*** Available data ***

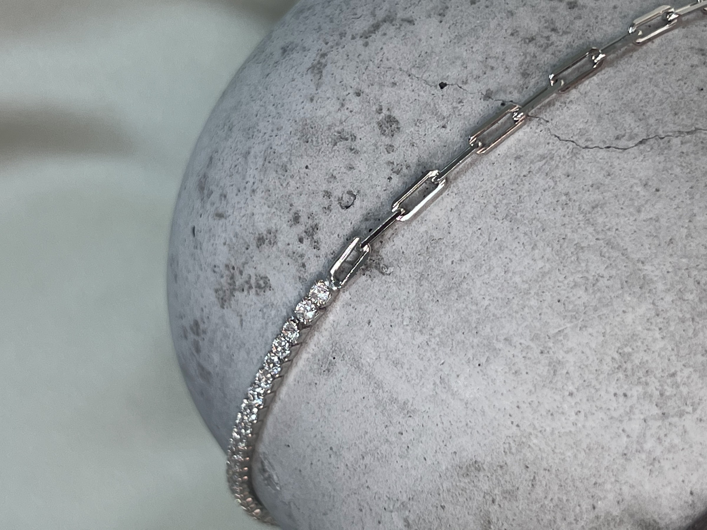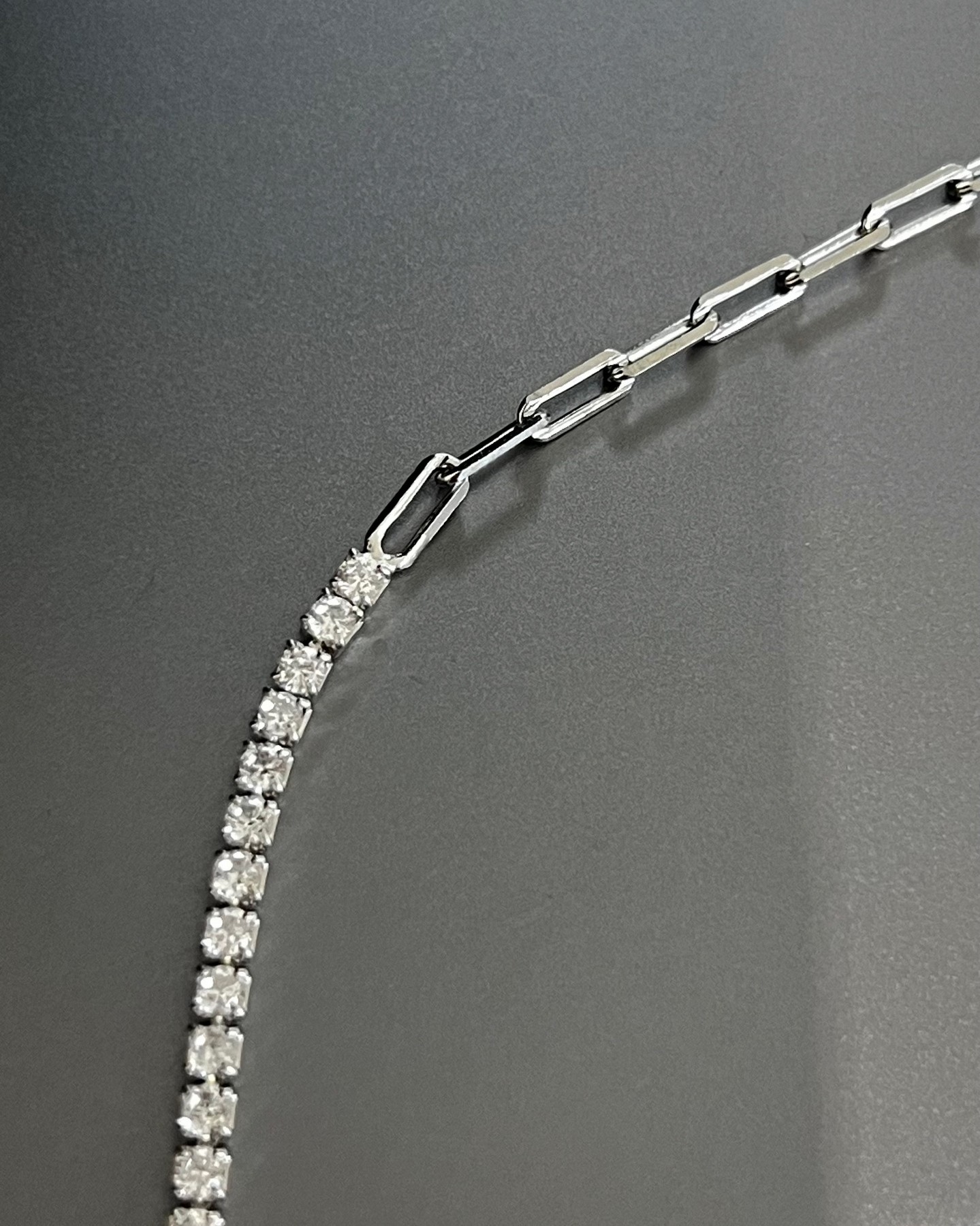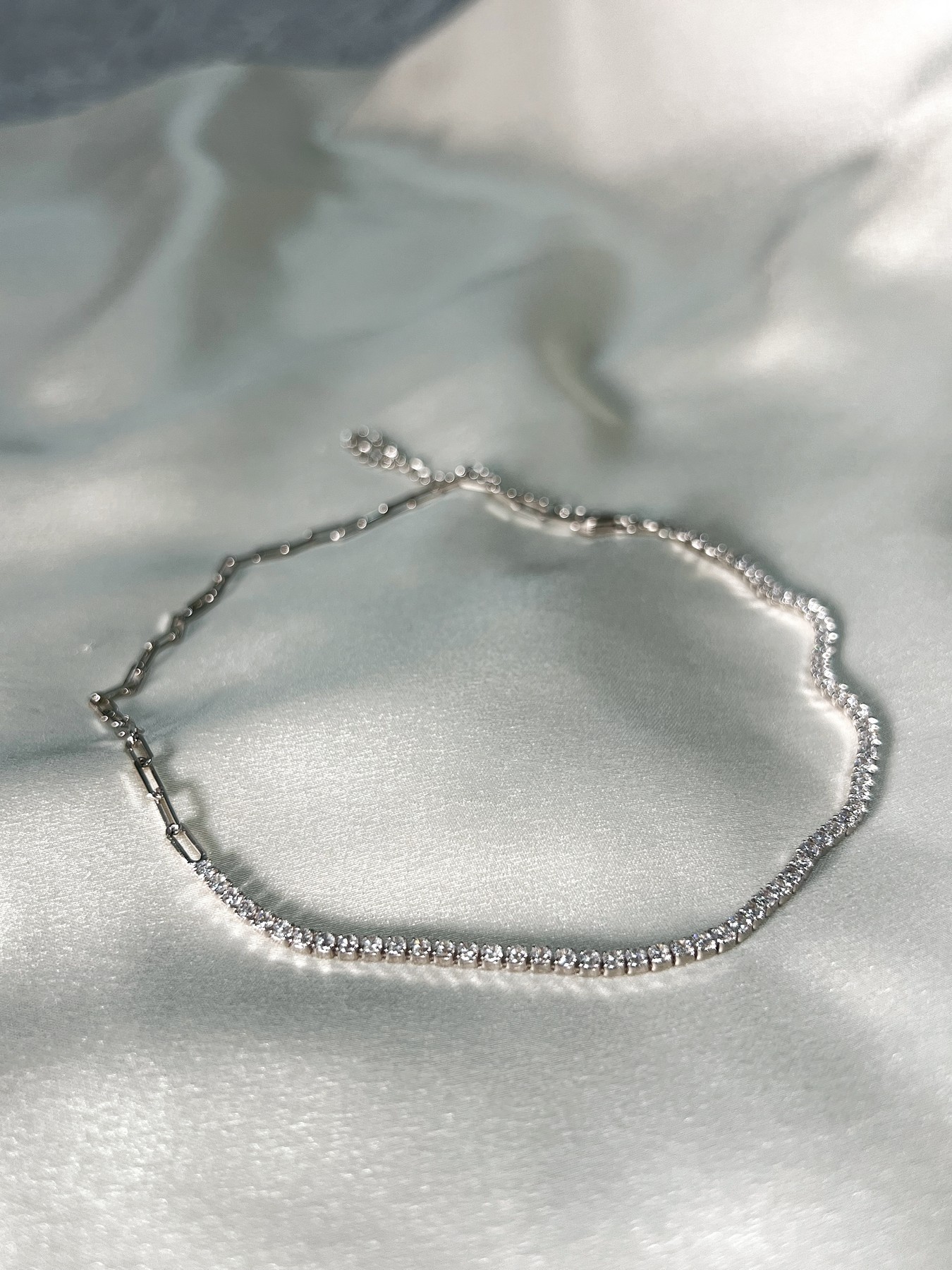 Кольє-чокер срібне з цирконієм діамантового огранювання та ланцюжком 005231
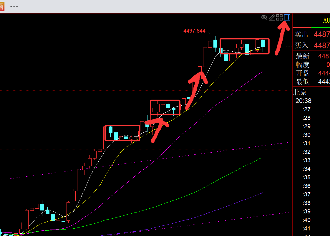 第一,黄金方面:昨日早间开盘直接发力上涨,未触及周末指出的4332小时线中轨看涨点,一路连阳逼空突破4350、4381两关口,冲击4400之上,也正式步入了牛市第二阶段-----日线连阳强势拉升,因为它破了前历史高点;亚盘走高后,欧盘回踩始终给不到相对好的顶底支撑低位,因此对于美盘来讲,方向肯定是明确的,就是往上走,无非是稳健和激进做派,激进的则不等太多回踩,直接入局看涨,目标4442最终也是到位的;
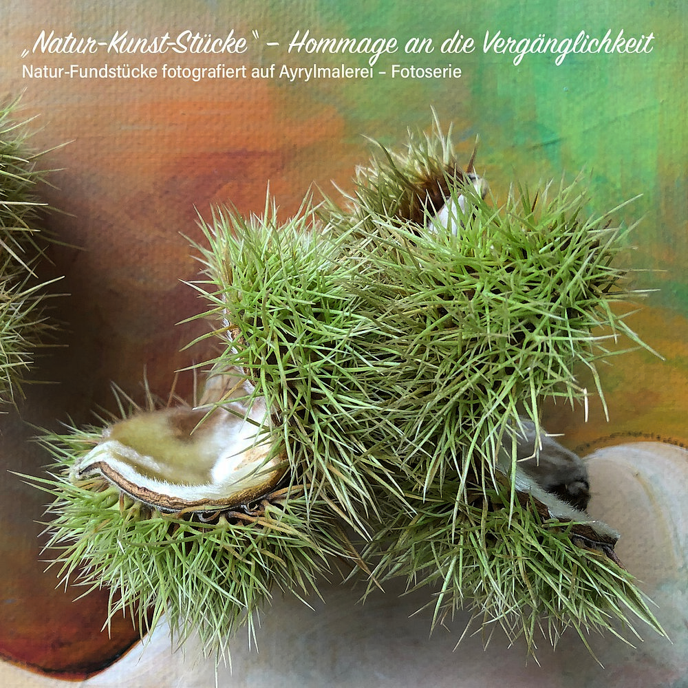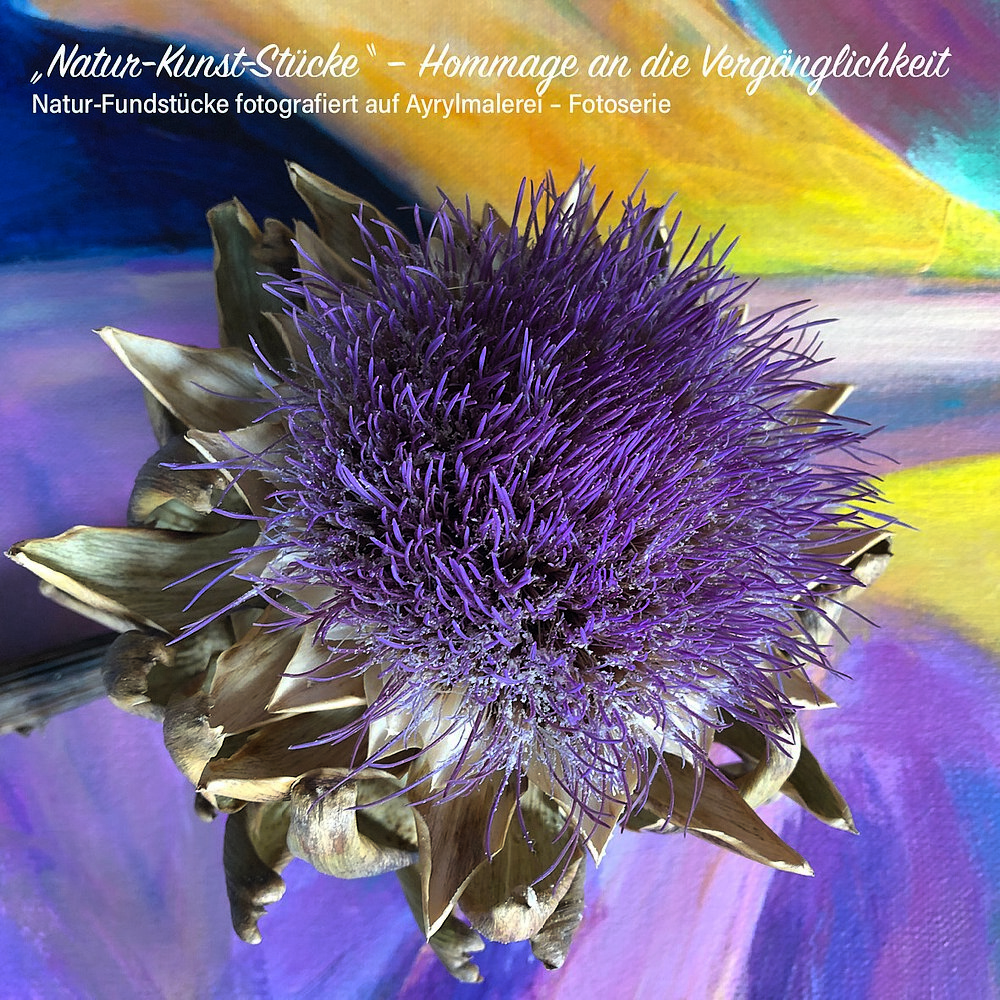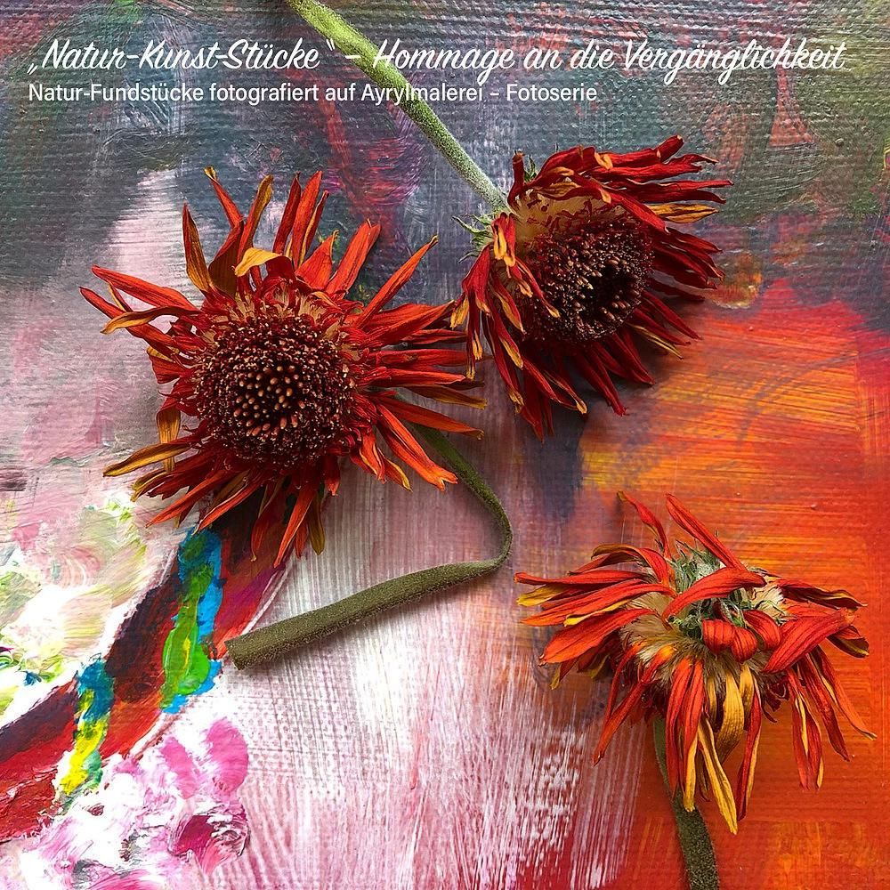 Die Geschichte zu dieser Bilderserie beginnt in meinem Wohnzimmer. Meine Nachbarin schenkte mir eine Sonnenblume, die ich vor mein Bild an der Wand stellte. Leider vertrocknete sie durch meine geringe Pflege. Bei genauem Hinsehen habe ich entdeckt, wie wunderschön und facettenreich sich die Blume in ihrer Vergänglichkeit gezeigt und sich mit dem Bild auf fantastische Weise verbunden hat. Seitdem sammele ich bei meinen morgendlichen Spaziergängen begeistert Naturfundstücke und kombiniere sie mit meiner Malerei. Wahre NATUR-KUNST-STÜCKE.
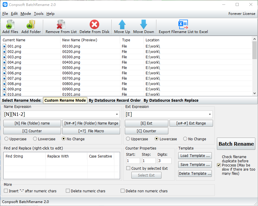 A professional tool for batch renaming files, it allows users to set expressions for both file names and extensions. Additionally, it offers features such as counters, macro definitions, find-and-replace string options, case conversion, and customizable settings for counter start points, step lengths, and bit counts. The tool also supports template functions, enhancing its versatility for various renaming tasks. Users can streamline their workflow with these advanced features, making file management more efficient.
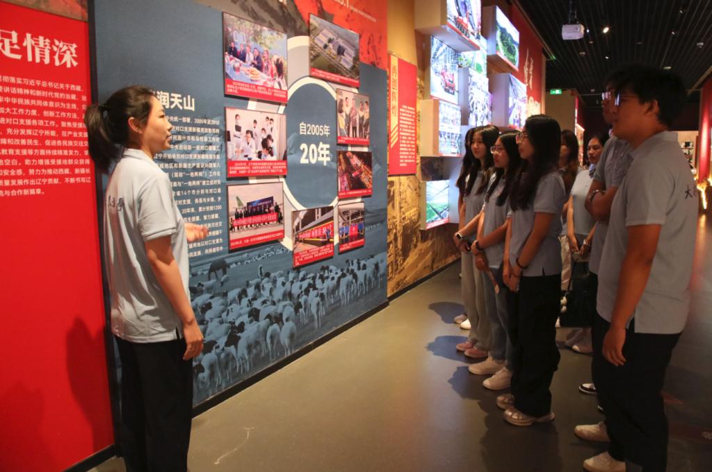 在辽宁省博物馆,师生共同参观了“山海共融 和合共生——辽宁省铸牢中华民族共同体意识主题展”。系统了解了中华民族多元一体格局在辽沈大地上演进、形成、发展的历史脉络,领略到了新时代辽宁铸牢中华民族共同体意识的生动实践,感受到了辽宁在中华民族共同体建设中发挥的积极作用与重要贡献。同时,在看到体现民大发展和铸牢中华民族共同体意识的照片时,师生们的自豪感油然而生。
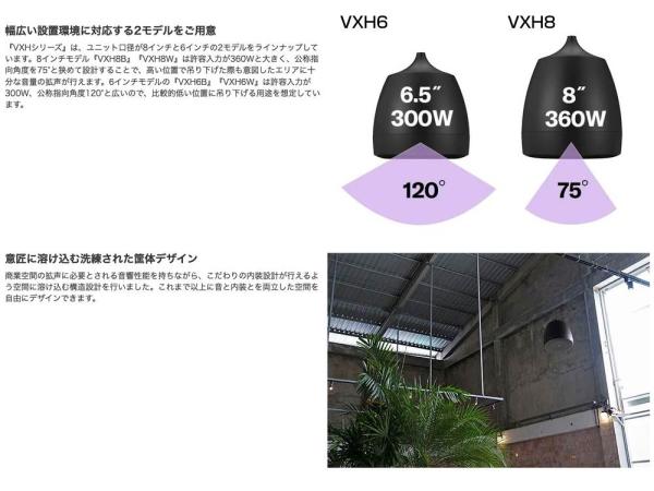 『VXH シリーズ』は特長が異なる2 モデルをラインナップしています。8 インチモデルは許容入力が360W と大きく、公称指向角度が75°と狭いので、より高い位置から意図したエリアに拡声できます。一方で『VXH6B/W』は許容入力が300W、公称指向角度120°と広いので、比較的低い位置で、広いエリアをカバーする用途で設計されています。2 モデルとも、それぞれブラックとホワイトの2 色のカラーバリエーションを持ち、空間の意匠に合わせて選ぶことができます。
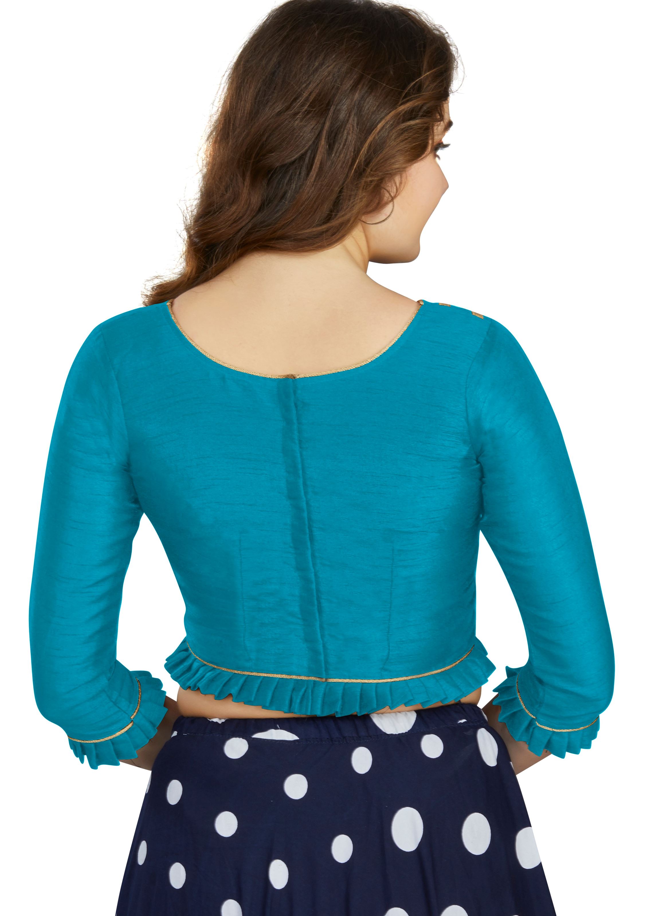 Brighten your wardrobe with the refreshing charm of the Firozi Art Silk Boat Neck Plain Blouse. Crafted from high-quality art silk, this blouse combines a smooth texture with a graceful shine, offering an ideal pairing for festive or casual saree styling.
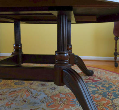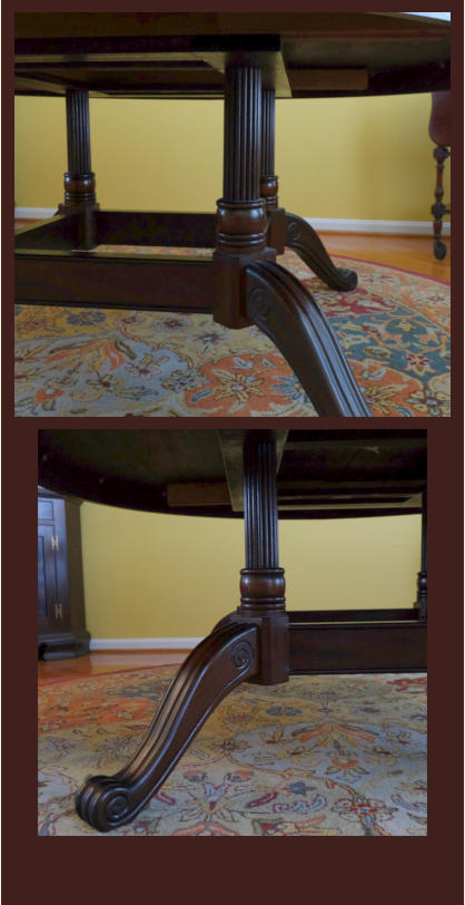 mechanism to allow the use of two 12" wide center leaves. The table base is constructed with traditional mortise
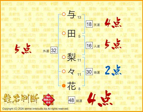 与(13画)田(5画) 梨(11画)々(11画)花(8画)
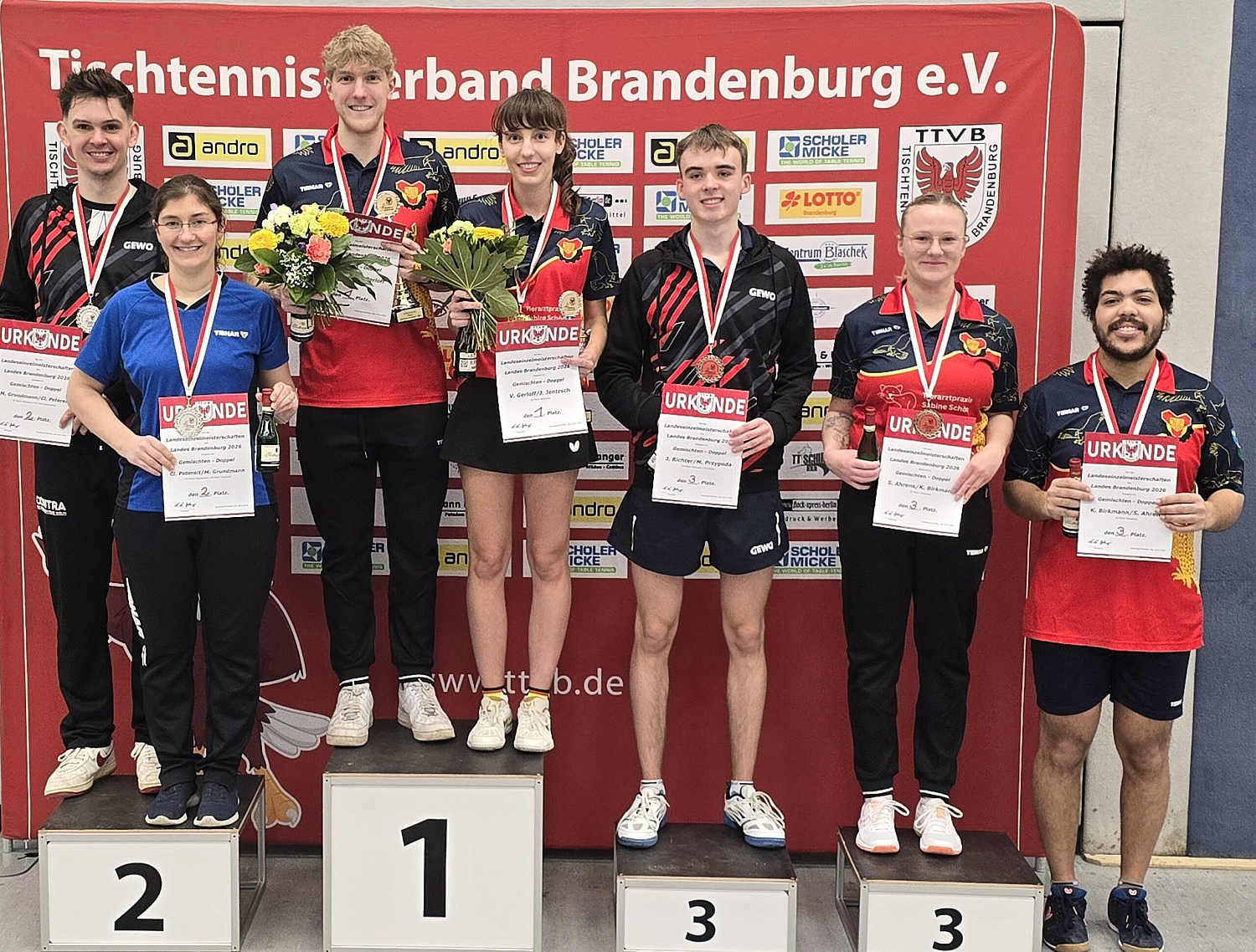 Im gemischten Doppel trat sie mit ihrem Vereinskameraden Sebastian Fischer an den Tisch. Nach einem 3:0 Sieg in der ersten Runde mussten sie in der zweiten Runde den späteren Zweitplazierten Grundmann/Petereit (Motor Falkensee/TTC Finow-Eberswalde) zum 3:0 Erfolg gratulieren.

*** End of Available data ***

• [Action item]
Look above for the line containing "mechanism to allow", then write out every line from there down to the line containing "与(13画)田(5画) 梨(11画)々(11画)花(8画)", that line included, with no pictures.

• [Result of the task]
 mechanism to allow the use of two 12" wide center leaves. The table base is constructed with traditional mortise
 与(13画)田(5画) 梨(11画)々(11画)花(8画)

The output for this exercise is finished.